The INCI names are important in that they can be used to distinguish between natural, synthetic and non-synthetic ingredients.
For example, when a company sells Rose Body Oil and chooses to advertise it with the slogan, “Scented with the most luxurious Bulgarian rose essential oils,” then you should have no problem finding Rosa damascena oil in the ingredients list on the package. If you find Rosa damascena extract, which comes from rose absolute (most likely solvent extracted), then you will realize that, though it is still real rose, it is less therapeutic than the essential oil. If you can't find Rosa damascena in the ingredient list but find the word fragrance instead, then the product is mostly synthetic and has no rose essential oil in it after all.
INCI names can be used to distinguish a toxic plant and a non-toxic plant from the same genus.

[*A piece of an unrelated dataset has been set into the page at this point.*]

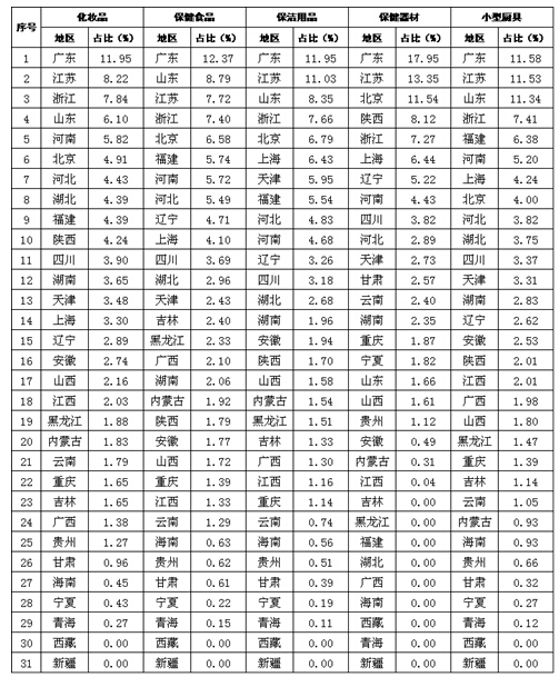 附表5 各地区5类直销产品直销销售额占比

For example, there are many Sage species. The most common ones are: salvia officinalis, salvia sclarea, and salvia lavandulifolia. Salvia officinalis contains the toxic chemical thujone, while the latter two do not. Someone who is not familiar with scientific names may end up buying the common Sage (salvia officinalis) when they should be using Salvia sclarea in their beauty products. These two plants are not interchangeable but someone who is not educated with INCI names would not be aware of this. Now, imagine if that person decided to sell his/her handmade skincare products.
Scary isn't it?
Currently, there is a hot topic regarding fake Blue Tansy (Tanacetum annuum) essential oil. The prices have skyrocketed due to a shortage of Blue Tansy in the world. Several companies have been found selling adulterated Blue Tansy. One company, in fact, was found to be selling a “fake” Blue Tansy that comes from a completely different plant. The oil they extracted from the plant, Tanacetum vulgare, contains a high amount of toxic thujone (the same chemical found in Salvia officinalis above). Thujone has been reported to be toxic to the brain, kidney and liver cells and could cause convulsions if used in a high dosage.
Another example is Helichrysum, known as Immortelle plant. There are many Helichrysum species and the most popular one is Helichrysum italicum as it is the only Helichrysum plant that contains regenerative di-ketones that are excellent for scar treatment. Helichrysum italicum essential oil is expensive, therefore, a lot of companies choose to use the cheaper species, Helichrysum gymnocephalum, believing them to be interchangeable. Unfortunately, Helichrysum gymnocephalum does not contain di-ketones and it has completely different therapeutic properties.
Here are the prices of both plants from the same company:
15 ml Helichrysum italicum $227.75
15 ml Helichrysum gymnocephalum $23.16
Now, imagine if there are two companies. Company A and Company B. Both companies sell identical products.
Seller A uses Helichrysum italicum in the product with a list of ingredients:
Camelina sativa (Camelina) seed oil, Calophyllum inophyllum (Tamanu) seed oil, Tocopherol (Non-GMO Vitamin E), Helichrysum italicum (Immortelle) oil, Boswellia carterii (Frankincense) oil, Aniba rosaeodora (Rosewood) oil, Pelargonium graveolens (Geranium) oil, Cananga odorata (Ylang Ylang) flower oil.
Seller B uses Helichrysum gymnocephalum in the product with a list of ingredients:
Camelina oil, Tamanu oil, Vitamin E, Helichrysum, Frankincense, Rosewood, Geranium, Ylang-ylang.
Both companies sell the products for $45.
Which one would you buy from?
Can you see the difference now?
To summarize, all cosmetic ingredients have scientific names that many of us find hard to pronounce. These scientific names are used internationally and are required by law for the safety of the general public to ensure transparency in cosmetic ingredient disclosure.